Sunday, June 17, 2012

One (?) Step Backward in Medford


I have avoided writing of the multi-faceted disaster that is surrounding the JPR Foundation projects in Medford because, frankly, I can’t believe the lack of vision of the State Board of Higher Education and keep hoping that saner minds will prevail.  This is beginning to look doubtful.  In short, SOU and the Chancellor’s office, despite having reviewed and approved JPR’s purchase of the Holly (and their acceptance of a local businessman’s generous donation of a second structure to solve their decades-long studio needs) has now launched what appears to be something of a vendetta against JPR, Medford and my eldest brother.  You can read the latest here: MT June 14


It may be a long time before there is any more progress like this at Medford's Holly Theater
 
Basically, SOU and the Chancellor have determined that JPR, despite its nearly 10 years of successful operation of Redding’s Cascade Theatre (a structure that was actually purchased with Higher Education bonds) shouldn’t operate anything other than radio stations and shouldn’t be in the business of renovating theatres (like the Holly) or donated buildings (like the Medford Grocery Warehouse).   That JPR has been doing exactly that, with Higher Ed’s agreement, for some time, hasn’t stopped SOU from terminating JPR’s longtime director, threatening to personally sue the entire JPR Foundation Board of Directors, and undermining the future of the Holly and its potential to help revitalize downtown Medford.

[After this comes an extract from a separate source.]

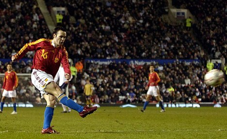 出典:https://www.dailymail.co.uk/sport/football/article-2058701/England-v-Spain-The-making-Spanish-gold.html2006年、イニエスタはスペイン代表の初レギュラーポジションを獲得しました。スペインA代表に選ばれ、グループリーグ突破後の3戦目にイニエスタは出場しています。翌年2007年2月のイングランド戦では、スペイン代表初ゴールを決め、見事なミドルシュートで驚かせました。
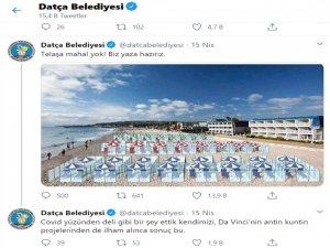 Datça Belediyesinin resmi sosyal medya hesabından yapılan paylaşımda, "Covid-19 yüzünden deli gibi bir şey ettik kendimizi, Da Vinci'nin antin kuntin projelerinden de ilham alınca sonuç bu" mesajı ile yayınlanan görselde, sanal ortamda Datça plajına yerleştirilen izolasyonlu cam kabinler dikkat çekti.

For those of you in southern Oregon, you will not be remiss in thinking this looks like narrow-minded, parochial Ashlanders trying to quash good things in Medford.  From my vantage point I wonder why the Chancellor’s office suddenly became so opposed to JPR’s plans for the Holly and I don’t think it takes a rocket scientist to connect the dots to the only entity in southern Oregon that has ever voiced opposition to the Holly Theatre.  Holly Position Statement There seems to be no shortage of shortsightedness in some quarters.

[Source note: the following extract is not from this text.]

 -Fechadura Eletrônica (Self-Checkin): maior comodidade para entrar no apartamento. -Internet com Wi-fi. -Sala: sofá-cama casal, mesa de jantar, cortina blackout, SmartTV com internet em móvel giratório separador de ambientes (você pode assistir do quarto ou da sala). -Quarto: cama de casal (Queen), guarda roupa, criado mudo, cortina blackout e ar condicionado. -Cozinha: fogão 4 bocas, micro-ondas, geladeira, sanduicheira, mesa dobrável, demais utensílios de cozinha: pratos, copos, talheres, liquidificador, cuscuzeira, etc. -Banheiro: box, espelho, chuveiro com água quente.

There is, however, vision in southern Oregon. Mayor Gary Wheeler and the City of Medford have been incredibly supportive of the Holly (and so, in truth, has the City of Ashland and most of Ashland and other southern Oregon residents).  Only SOU President Mary Cullinan (who originally congratulated JPR on the Holly and the Jefferson Square project) and the Chancellor’s office (generously) appear to be hell-bent on keeping JPR on campus or at least keep it out of Medford.  Not so generously they appear to be set on wrecking one of our region’s most important, and most successful, cultural institutions.  You have to wonder why.

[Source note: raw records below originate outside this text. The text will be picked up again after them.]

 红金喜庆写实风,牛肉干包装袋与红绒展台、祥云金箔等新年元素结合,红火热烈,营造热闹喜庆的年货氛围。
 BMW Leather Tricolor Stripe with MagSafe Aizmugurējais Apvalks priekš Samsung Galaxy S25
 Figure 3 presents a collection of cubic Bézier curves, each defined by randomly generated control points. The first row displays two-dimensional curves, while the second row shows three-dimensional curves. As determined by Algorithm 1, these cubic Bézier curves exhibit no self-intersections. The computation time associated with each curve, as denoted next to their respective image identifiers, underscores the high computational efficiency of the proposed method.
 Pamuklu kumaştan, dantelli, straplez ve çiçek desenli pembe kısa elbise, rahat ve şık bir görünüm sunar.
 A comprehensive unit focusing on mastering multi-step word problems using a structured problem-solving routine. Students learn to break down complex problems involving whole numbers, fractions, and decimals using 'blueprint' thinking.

If this mess is allowed to continue there is, I fear, a very good chance that not only will Medford lose the Holly and the Jefferson Square projects, but that southern Oregon and northern California will lose the quality public radio system that it has come to enjoy and expect.

The Holly, something of a dump before JPR, could remain shuttered for years under SOU

Just two months ago more than 1000 people assembled in downtown Medford and cheered the re-lighting of the Holly's brilliant neon signs and the completion of its beautiful façade renovation. Sometime next week we’ll remove the scaffolding and the truss repairs will be complete, returning occupancy to the Holly auditorium for the first time a decade.  If the Chancellor’s small-minded, short-sighted, unwarranted, and nasty attacks on Medford and the JPR Foundation Board of Directors stand, it will almost certainly be a very long time before anything else good happens at the Holly Theatre.  That would be just one of the serious results of this curious and unfortunate situation.